Arriving in the West, we realize that we have entered what we in the Western world call the Middle Ages. This is a time for a full-scale recapitulation of the self, a time when many people reexamine their lives up to this point, the assumptions they have made about the world and the agreements they have made with it. It is a time when, in the words of the philosopher Noam Chomsky, many of us will realize that “The average man does not follow reason but faith, and this naive faith [has been founded upon] necessary illusions and emotionally potent simplification on the part of the mythmaker to keep it on course.” We have been living a lie, in other words, one that has been based on our culture’s mythology and its definitions of what makes a ‘real’ acceptable) male or female, success or failure. This myth, most likely, has never been us, but still we have lived it without having seen it before. Now, from the perspective of greater life experience, we begin to question who we are. and, even if we are successful, settled, and wealthy in social terms, if this is enough to satisfy us on a personal and spiritual level. We have been hooked for perhaps 20 years by a vision of success defined in consensus or corporate terms, but now we are beginning to reevaluate who we have been and, with death beginning to breathe down our necks, to reconsider our lives and ask ‘Is that all?’ as we look at who we could have been and how we might better spend our remaining days (more ‘face time’ at the office or watching our kids grow up? Climbing the corporate ladder under an angry and ungrateful boss or surfing the Rocky Mountains? for fun?This is a time of consideration and reflection on who we really are and what we want from our lives, offering us the potential for adaptation, reinvention, rejuvenation, and resurgence into someone new.In reflecting on the past and revisiting the future.Because of this , is characterized by the element of Air, which has the ability to make our past lives disappear and lead us towards a new and deeper sense of a more authentic self.

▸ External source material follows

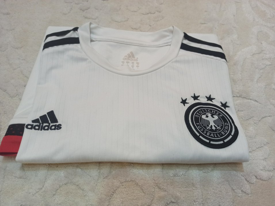 Adidas erkek forması, beyaz renkte, kısa kollu ve bisiklet yaka ile tasarlanmıştır. Nefes alan terletmeyen kumaştan üretilmiş, gri baskılı detaylar içerir.. ⚽ En 48cm, boy 67cm dir.
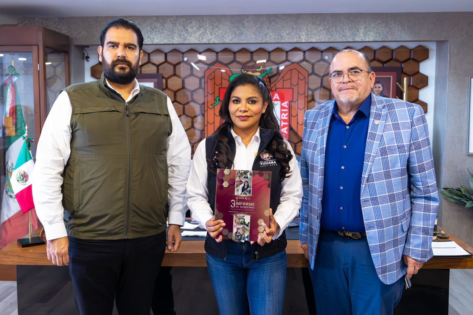Tijuana, Baja California, a 02 de agosto de 2024.- La alcaldesa de Tijuana, Montserrat Caballero Ramírez, presentó su Tercer Informe de Gobierno al frente del XXIV Ayuntamiento, un documento que refleja el compromiso de su administración por dejar una ciudad sin deudas y con cuentas claras.

Finally, we come to the North, and if we have done the necessary work throughout our journey around the wheel, we can experience a true understanding of ourselves, which leads us to a deep peace and harmony, where we can look back on life and see our true place in the world, the meaning of our life’s path and, perhaps, the flow of all things, from a perspective of wisdom and good humor. We are able to take a more spiritual and reflective look at things and experience maturity and rootedness, where we can be at the service of our community and happy with ourselves. This fundamental quality of the North is represented by the Earth element, which is appropriate because this is also the place of death, where we return to Earth before being reborn in the East as the cycle continues into new lives to come.

Once again, it is worth emphasizing that these four are only enemies when you have not faced them; As soon as you enter into battle with them, you automatically transform them into allies that can help you in your search for balance and internal harmony and, once you achieve it, external success is assured since you are the great dreamer of your world.

The path of all warriors is not to hide within fantasy or seek only the ‘light’ (as is the path of many modern ‘new age’ practices), but also to embrace the darkness, for it is only in our shadows ( when the light is behind us) that we see ourselves truly reflected, and only then can we direct ourselves and heal our pains so that the world itself is healed.